Context: Having a sense of security is vitally important to patients who have a limited life expectancy.
Objectives: We sought to identify the factors associated with patients' sense of security during the palliative care period.
Methods: We recruited 174 adult patients (65% of those eligible) from six palliative home care units. The relationship between the patients' sense of security during palliative care and individual factors was evaluated in a stepwise procedure using the generalized linear model (ordinal multinomial distribution and logit link).
Results: Respondents' ratings of their sense of security ranged from 1 (never) to 6 (always), with a mean value of 4.6 (SD 1.19). Patients with lower feelings of security experienced higher stress; more worry about personal finances; lower feelings of self-efficacy; a lower sense of security with the palliative care provided (lower ratings on subscales of care interaction); mastery; prevailed own identity; higher symptom intensity (especially depression, anxiety, and lack of well-being); lower health-related quality of life; lower attachment anxiety and avoidance; less support from family, relatives, and friends; lower comfort for those closest to them; and more often had gynecological cancer. Six variables (mastery, nervousness and stress, gynecological cancer, self-efficacy, worrying about personal finances, and avoidance) were selected in building the stepwise model.

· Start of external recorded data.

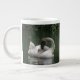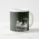 This awesome mug features a photograph of a beautiful swan. The swan is a juvenile bird, you can tell by the grey feathers on the head and the lack of an orange beak. It looks like the swan is sleeping but it is actually preening its feathers.
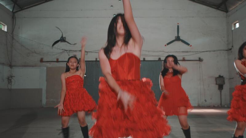 Three dancers in red dresses performing energetically in an industrial space. The focus is on the central dancer, who is expressing intense emotion. The background features a simple, rustic setting Pro Video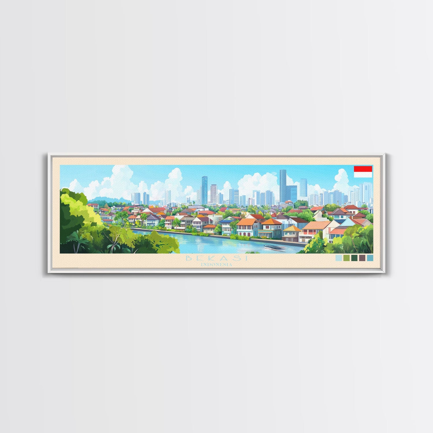 Bekasi, Indonesia Travel Poster Panoramic Canvas Print, Bekasi, Indonesia Painting, Indonesia Art, Bekasi Travel Art, Guest Room Painting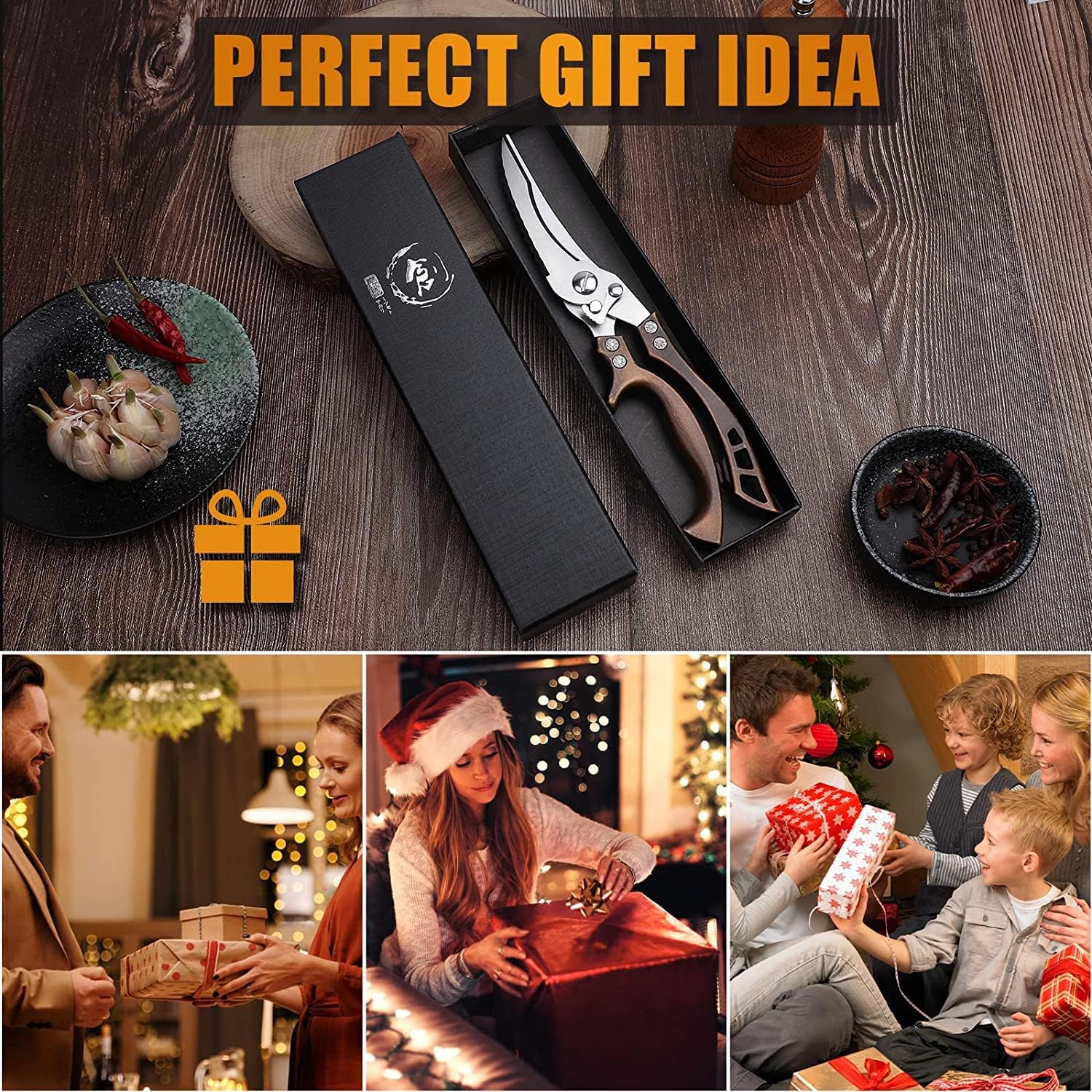 - 【COMFORTABLE ERGONOMIC SEAHORSE ARC DESIGN HANDLE】The ergonomic handles of the kitchen shears crafted by first-grade brass, which makes it anti-slip and offer you a comfortable grip. And the poultry shears heavy duty handle with great grip is suitable for both left and right hands users. The seahorse arc design will protect your hand from injury when you cut food ingredients. Also reinforced rivets embedded in the handle deeply, which makes it be solid and firm.

Conclusion: These findings stress the importance of palliative care services in supporting dying patients' sense of security through symptom management with a wide scope and through supporting the patients' sense of mastery, identity, and perception of a secure care interaction and also through attention to the family members' situation.
Keywords: Sense of security; attachment; mastery; palliative; patient; quality of life; social support; stress.